Copy out exactly the lines spanning the line with "人との接触が多い仕事中もシックな消毒液を常設し、" to the line with "藤沢市と米国マイアミビーチ市", inclusive, from the data underneath, with no pictures.

» **Source material**:
* * * * * * * * *

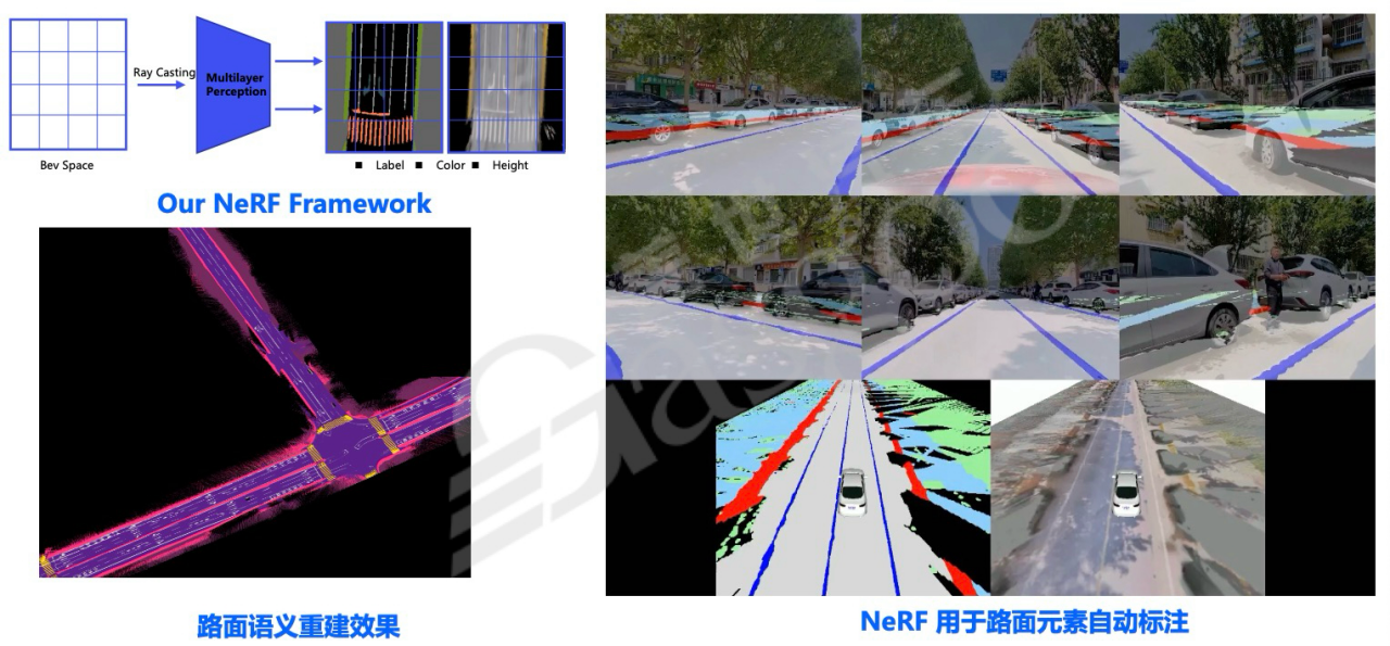 1.路面标注技术:路面标注技术路线是采用76V或7V同步,结合轮速IMU和GNN信息进行刷分模式重建。由于纯视觉重建缺乏尺度信息,先利用轮速IMU和GNN融合得到带真实尺寸的轨迹,再通过相似性变换赋予刷分模式重建结果尺度。之后,利用稀疏点和其他约束进行路面数字化,采用Nerf方法重建路面。
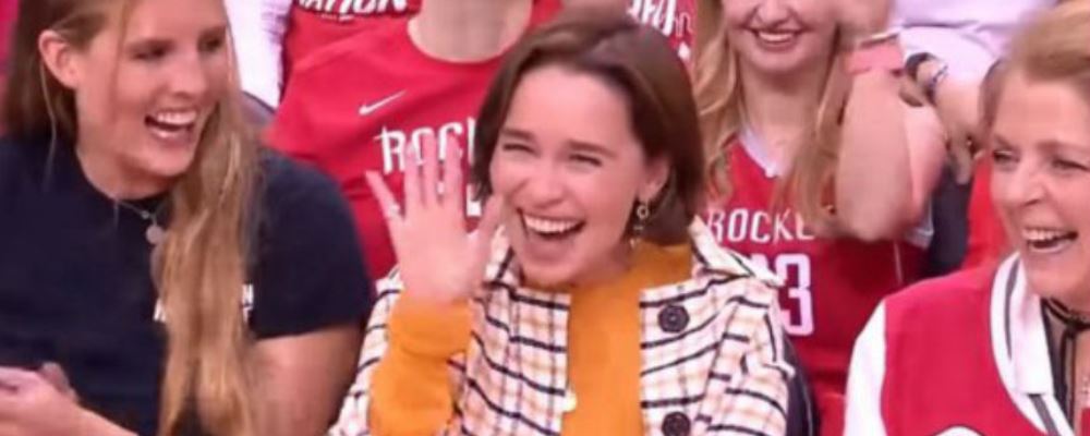 La actriz, encargada de encarnar a Daenerys Targaryen, el viernes acudió a un partido de la NBA, en Houston, en el que se enfrentaban los Rockets y los Warriors, y donde se llevó una sorpresa que la sonrojó.
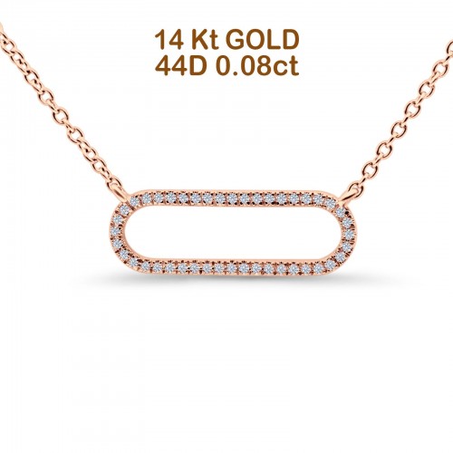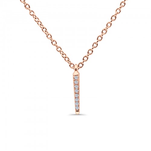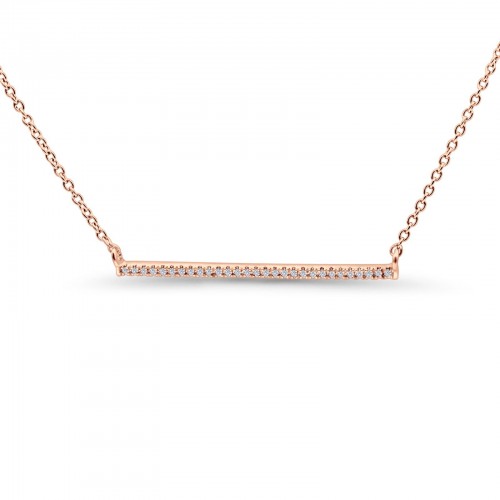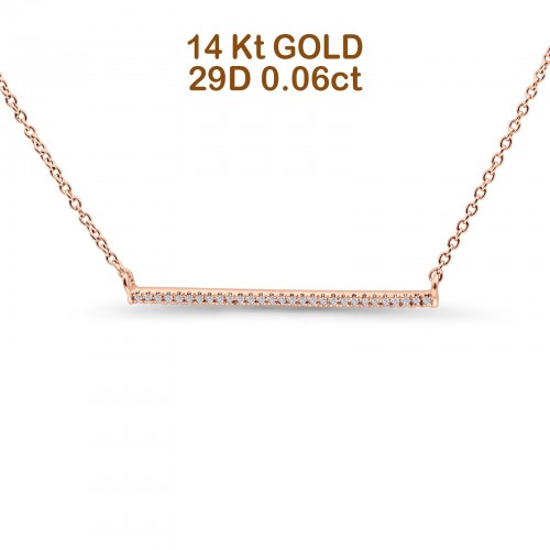 14K Rose Gold 0.06ct Round Shape Diamond Line Bar Pendant Chain Necklace 18″ Long
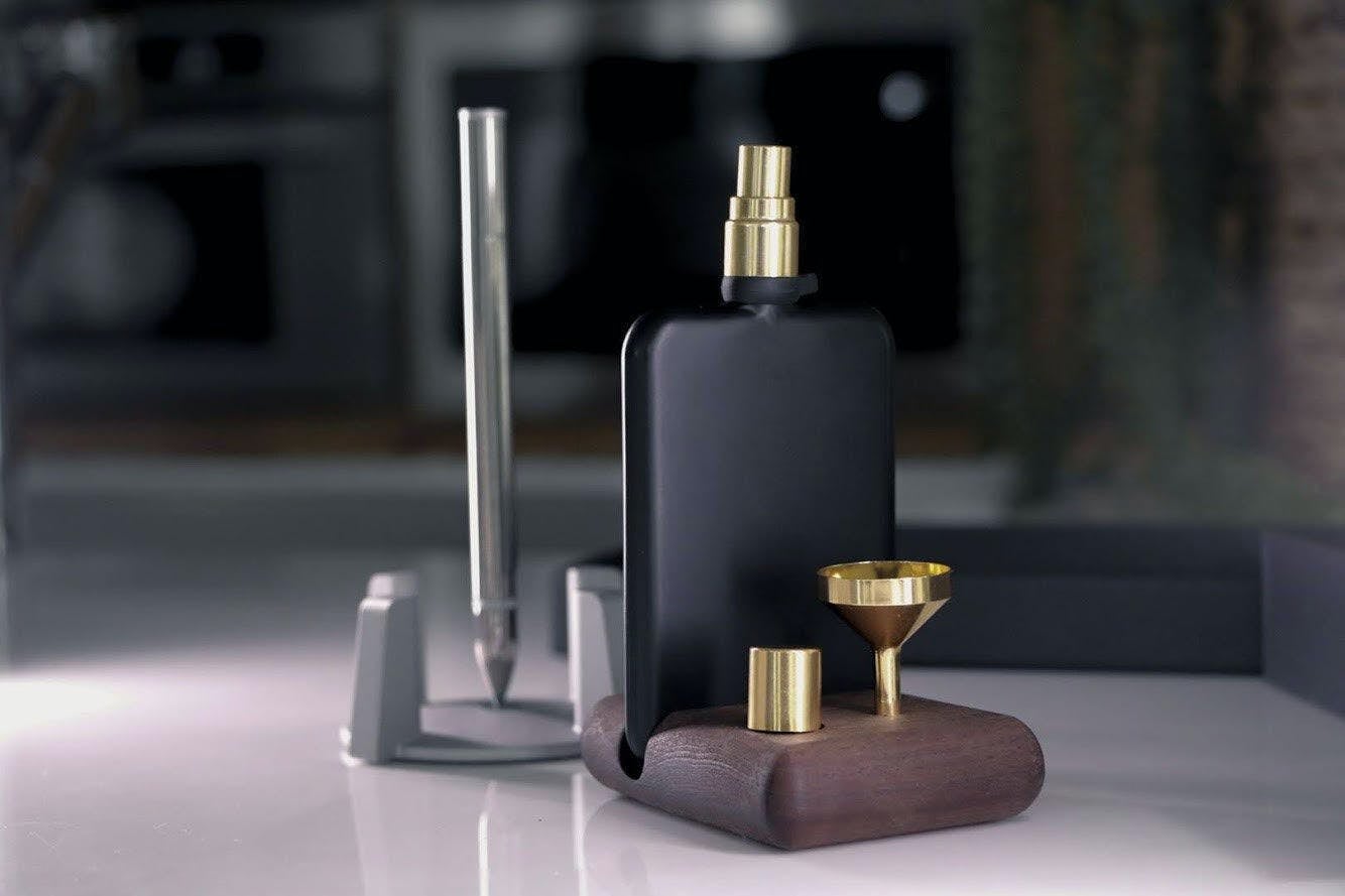 人との接触が多い仕事中もシックな消毒液を常設し、
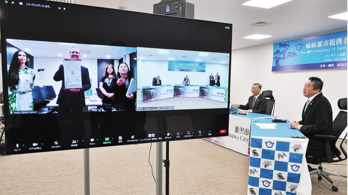 藤沢市と米国マイアミビーチ市の姉妹都市提携65周年を記念し、両市の市長らが5日、オンラインで会談を行った。藤沢市から鈴木恒夫市長と桜井直人市議会議長、市都市親善委員会の増田隆之会長が出席。マイアミビーチ市のスティーブン・マイナー市長らと画面越しにあいさつし、今後も交流を促進していくことで合意した。
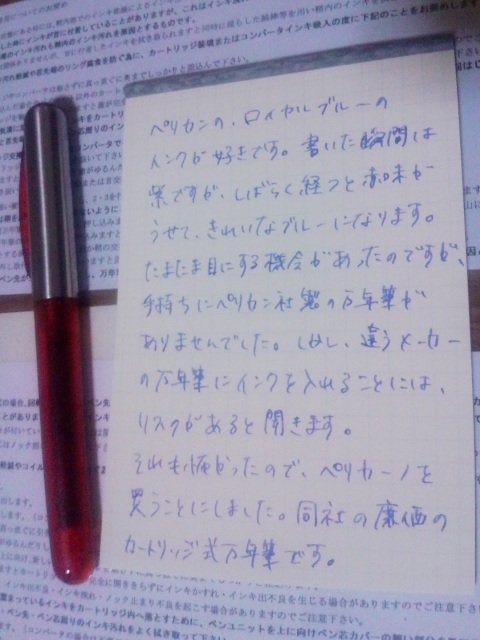 同系統のペリカーノJrという万年筆は、よく文具店でも見かけますが、このペリカーノのほうは、すでに廃番になっているらしいです。地元の万年筆専門店に残っていたのが、赤とオレンジしかなくて、使いたいインクがロイヤルブルーなだけに、本当は青が欲しかったのだけれど、まあないならしかたないかと妥協しました。ペリカーノジュニアにしてもよかったんだけど、そっちはちょっとデザインが可愛らしすぎた。
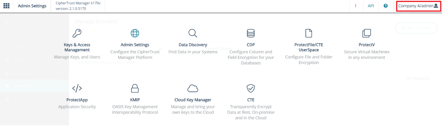 Log into the CipherTrust Manager Management Console as an Admin with domain creation permissions.
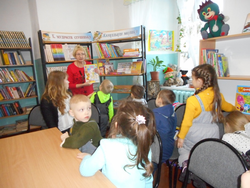 Во время экскурсии детям рассказали, что зал, в котором можно почитать книги, называется читальным. Ребята приходят сюда почитать книги, посмотреть журналы, поиграть в игры. Зал, в котором выдают книги на дом, называется абонентным. Выдает книги читателям библиотекарь. Выбранную из огромного разнообразия книгу, можно взять только после записи в формуляр читателя. Затем ребятам рассказали о правилах поведения в библиотеке и как надо обращаться с книгами. И конечно же, ребята поиграли в игру - викторину, после чего с любопытством рассматривали красочные книги. На прощание работники библиотеки предложили детям прийти в библиотеку вместе с родителями и выбрать понравившуюся книгу на дом.
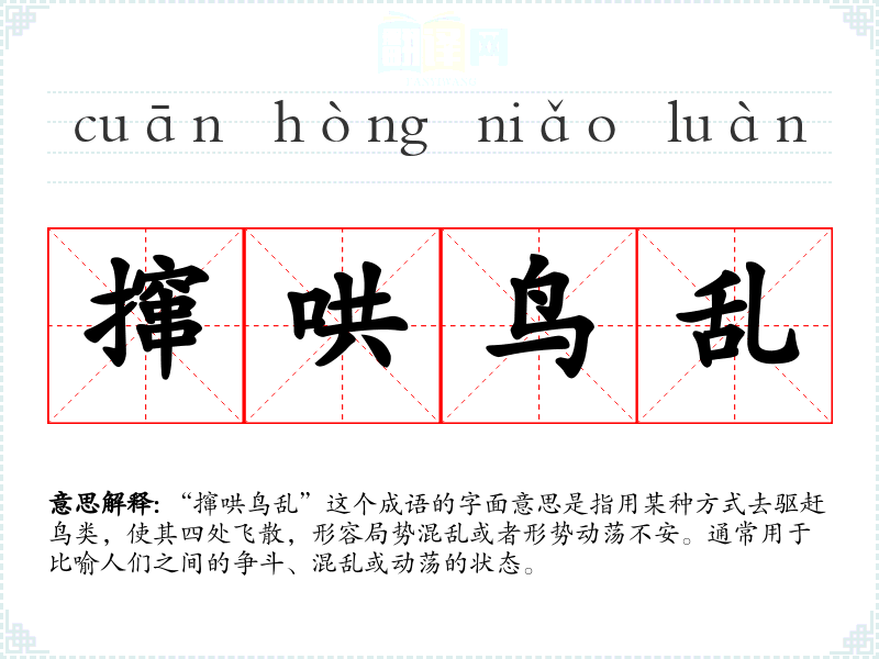“撺哄鸟乱”这个成语的字面意思是指用某种方式去驱赶鸟类,使其四处飞散,形容局势混乱或者形势动荡不安。通常用于比喻人们之间的争斗、混乱或动荡的状态。
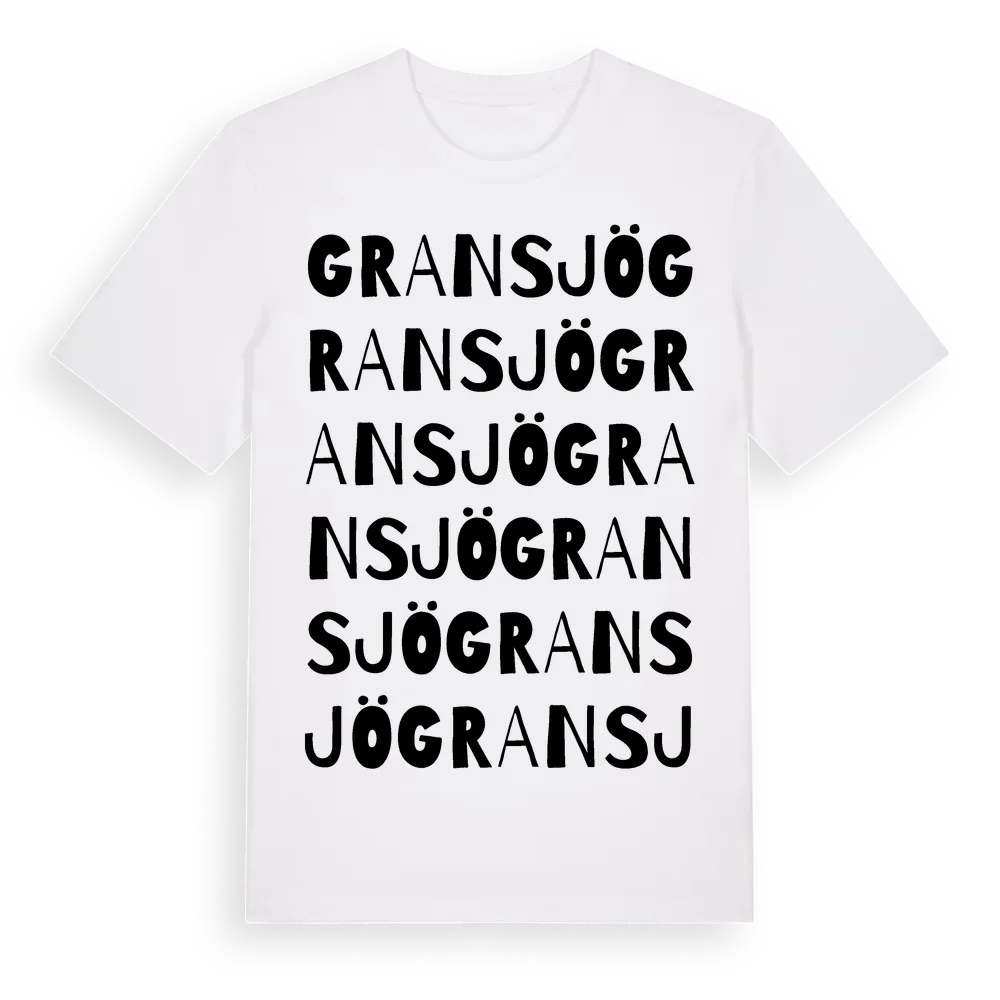 Gransjö ordlek t-shirt är inspirerad av Gransjö i Södermanlands län, Sverige. Tröjan är designad för dig som har en speciell koppling till platsen – oavsett om du bor här, har rötterna här eller bara älskar Gransjö.

* * * * * * * * *

» **Output of the exercise**:
 人との接触が多い仕事中もシックな消毒液を常設し、
 藤沢市と米国マイアミビーチ市の姉妹都市提携65周年を記念し、両市の市長らが5日、オンラインで会談を行った。藤沢市から鈴木恒夫市長と桜井直人市議会議長、市都市親善委員会の増田隆之会長が出席。マイアミビーチ市のスティーブン・マイナー市長らと画面越しにあいさつし、今後も交流を促進していくことで合意した。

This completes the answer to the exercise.